I'd love to tell you that because this is an "international thriller," it hums along at breakneck speed. It does, sometimes. Mostly, it doesn't. If you're familiar at all with Stephenson, then you know that "concise" would never be a word used to describe him. Normally, I don't mind verbosity — my favorite writer is David Foster Wallace, for God's sake. But here, a lot of the "information dump" feels really superfluous and really slows down the pace of the novel. Indeed, the last, supposedly high-drama scene, as all the characters find their way back together, takes place in the wilderness of Idaho — and reads like part hiking instructional tome, part gun manual, and part, yes, actual thriller. Also, it takes place over almost 300 pages! THREE HUNDRED PAGES! Just this part could've been it's own freakin' novel.
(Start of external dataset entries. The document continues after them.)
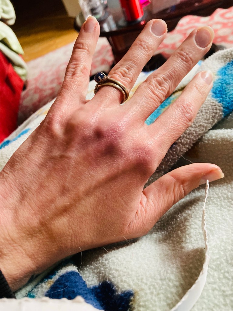 FOUR: Meanwhile, looking down at my swollen hand, I just realized that yesterday I fell hard for the first time in a long time and I don’t quite know what happened and… holy cats, maybe that was a sign of my ALS starting up. The super neurologist told me to tell him know if I started falling down.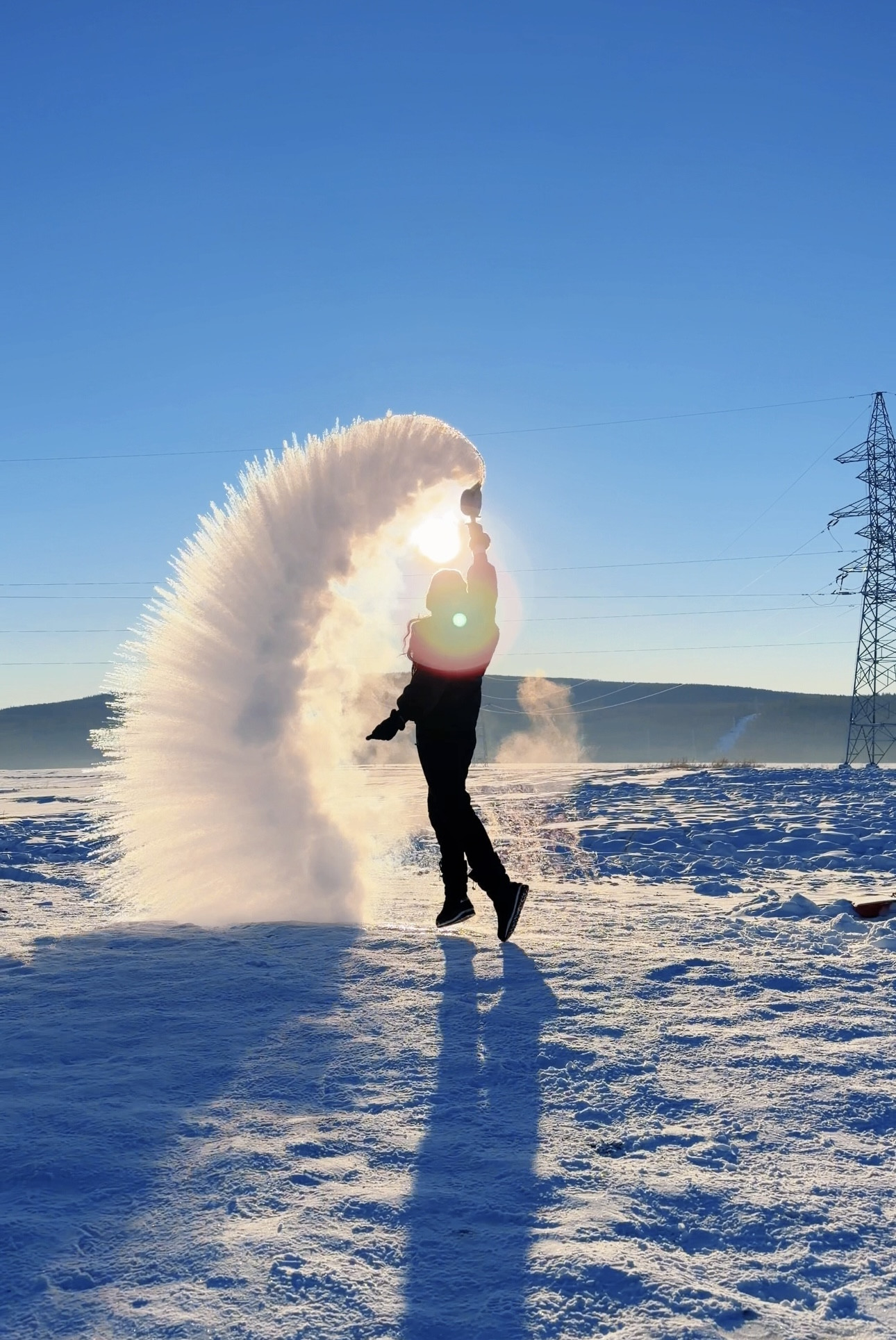 Ai tới đây cũng không thể bỏ qua trải nghiệm hất nước sôi lên không trung để chiêm ngưỡng chúng hóa băng tuyết trong giây lát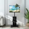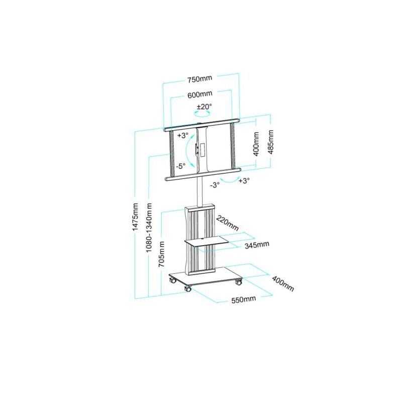 The Easel Studio TV Cart is a versatile and stylish mobile TV stand designed to accommodate a range of television sizes from 32” to 75”. Constructed from durable steel, plastic, and MDF, this TV cart offers height adjustability, swivel, and tilt functions, providing optimal viewing angles. It features a sleek design with an integrated DVD/AV tray, making it a practical solution for both home and office settings. The cart is equipped with smooth-rolling casters for easy mobility, ensuring that your TV can be moved and positioned effortlessly.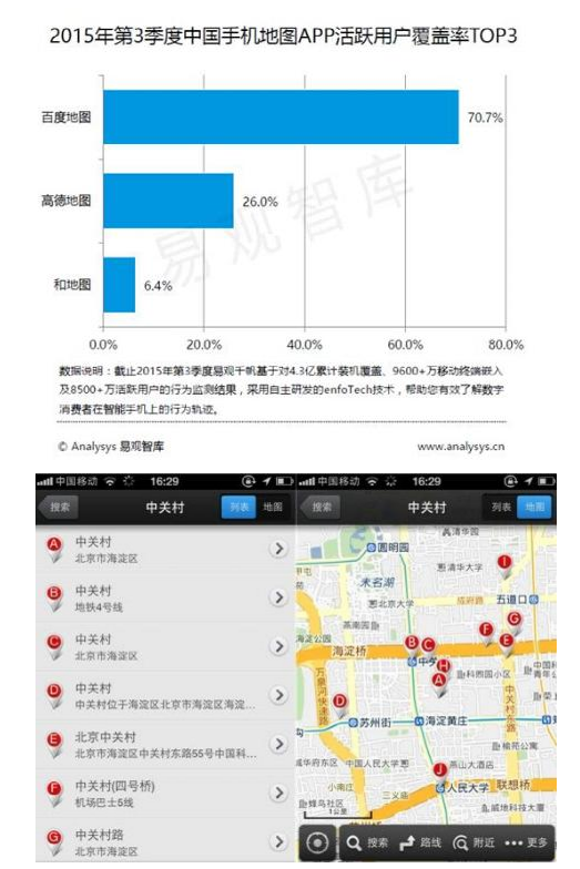 2015年中,百度地圖決定將為全行業的企業進行地理標簽,確保移動導航服務。任何企業都能在百度地圖上標注企業信息,當網民在百度地圖搜索時即可看到該企業的展示的基本信息,如企業名稱、地址、聯系方式、交通等。2015年第3季度,百度地圖以70.7%的活躍用戶覆蓋率領跑中國手機地圖市場,成為當之無愧的地圖老大。無論是在移動端還是PC端,位置服務已經成為百度地圖的亮點之一,百度地圖也與寶馬、比亞迪等品牌聯手,為車載導航提供出行路線規劃或生活信息查找,令汽車也和手機、平板電腦一樣,成為一個智能終端。百度地圖愈發成為百度同阿里(高德地圖)和騰訊(騰訊地圖)之間競爭的利器。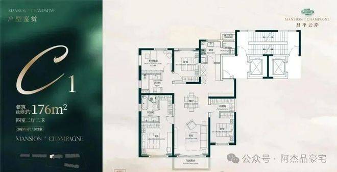 建面约176㎡4房2厅2卫户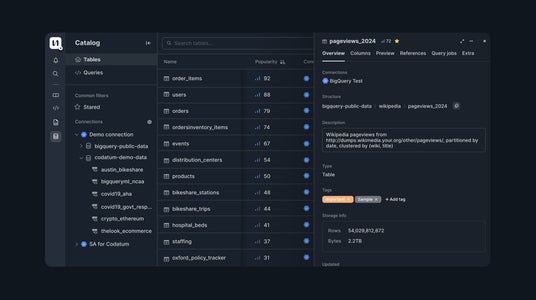 Notebookとは別に、再利用可能なSQLクエリを効率的に管理・共有できるQuery機能に加えて、SQLクエリやテーブル、スキーマオブジェクトに対して、メタデータの付与(アノテーション)やタグの追加ができるCatalog機能の提供を開始しました。Catalog機能では、利用状況に基づいてPopularity(人気度)が自動計算されるため、社内でよく使用されるSQLクエリやテーブルを簡単に把握できます。

So I wasn't a fan, but if you're into gaming, guns, the Idaho wilderness, or China, this might be a novel you enjoy much more than I did.

*Apologies to non-geek Stephenson fans, but after suffering through this thousand-page novel, I'm well within my rights to make fun of his notoriously geeky fans, I think.

8 comments:

  1. I am going to tackle this novel sometime in the next few months. I have been deterred by its size but since I finished another very thick book, 1Q84, and finished it, I think I can get this one down too. Keeping my fingers crossed. Thanks for your clear review.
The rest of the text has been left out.